◆ INFORMATION SHOWN:
———
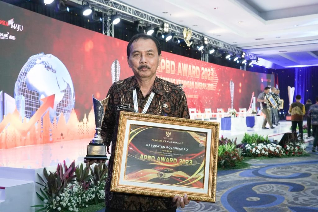 Jakarta- Pemerintah Kabupaten Bojonegoro kembali menerima penghargaan dari Pemerintah Pusat, Kamis pagi ini (16/3), bertempat di Hotel Mercure Convention Centre Ancol Jakarta Utara, Pemkab Bojonegoro terima penghargaan dari Kementerian Dalam Negeri (Kemendagri) Republik Indonesia sebagai Pemerintah Daerah kategori Realisasi Pendapatan Daerah Tertinggi APBD Tahun 2022 peringkat pertama tingkat Kabupaten Se Indonesia yang di terima oleh Kepala Bapenda Bojonegoro M. Ibnu Soeyoeti.
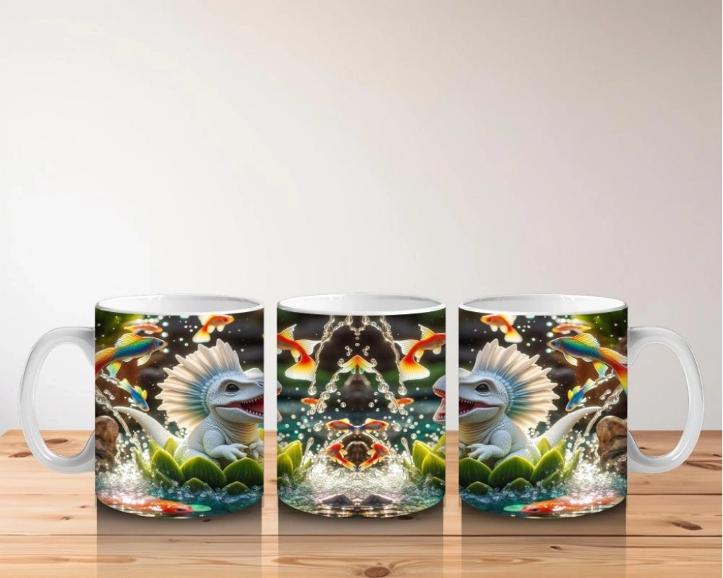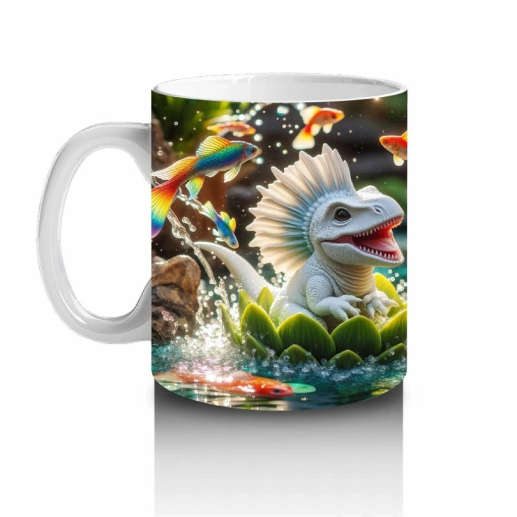 Nilüfer yaprakları üzerinde keyif yapan sevimli bir dinozor… Bu huzurlu sahne, çocukların süt molasını doğayla dolu neşeli bir ana dönüştürüyor.
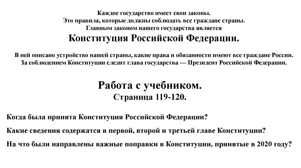В ней описано устройство нашей страны, какие права и обязанности имеют все граждане России.
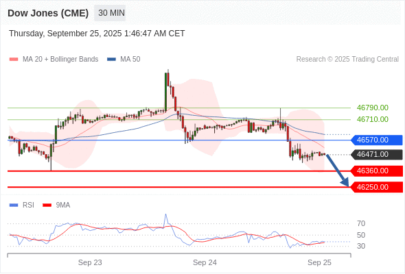 在 46570.00 之下,看跌,目标价位为 46360.00 ,然后为 46250.00 。
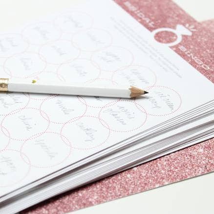 Add some fun to your bridal shower or bachelorette as the bride opens gifts with Bridal Bingo! If you've never played Bridal Bingo, it's simple! Distribute bingo sheets to the guests and have them fill out each space with different items that they think the bride will receive. As gifts are opened, they cross off the items. Five in a row wins!
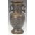Japanese bronze twin handled pedestal vase with applied decoration of birds and flowers, 23.7cm tall.
———
◆ TASK ITEM:
The records above, minus their pictures, are to be returned word for word.

◆ RESPONSE TO THE TASK:
 Jakarta- Pemerintah Kabupaten Bojonegoro kembali menerima penghargaan dari Pemerintah Pusat, Kamis pagi ini (16/3), bertempat di Hotel Mercure Convention Centre Ancol Jakarta Utara, Pemkab Bojonegoro terima penghargaan dari Kementerian Dalam Negeri (Kemendagri) Republik Indonesia sebagai Pemerintah Daerah kategori Realisasi Pendapatan Daerah Tertinggi APBD Tahun 2022 peringkat pertama tingkat Kabupaten Se Indonesia yang di terima oleh Kepala Bapenda Bojonegoro M. Ibnu Soeyoeti.
 Nilüfer yaprakları üzerinde keyif yapan sevimli bir dinozor… Bu huzurlu sahne, çocukların süt molasını doğayla dolu neşeli bir ana dönüştürüyor.
В ней описано устройство нашей страны, какие права и обязанности имеют все граждане России.
 在 46570.00 之下,看跌,目标价位为 46360.00 ,然后为 46250.00 。
 Add some fun to your bridal shower or bachelorette as the bride opens gifts with Bridal Bingo! If you've never played Bridal Bingo, it's simple! Distribute bingo sheets to the guests and have them fill out each space with different items that they think the bride will receive. As gifts are opened, they cross off the items. Five in a row wins!
Japanese bronze twin handled pedestal vase with applied decoration of birds and flowers, 23.7cm tall.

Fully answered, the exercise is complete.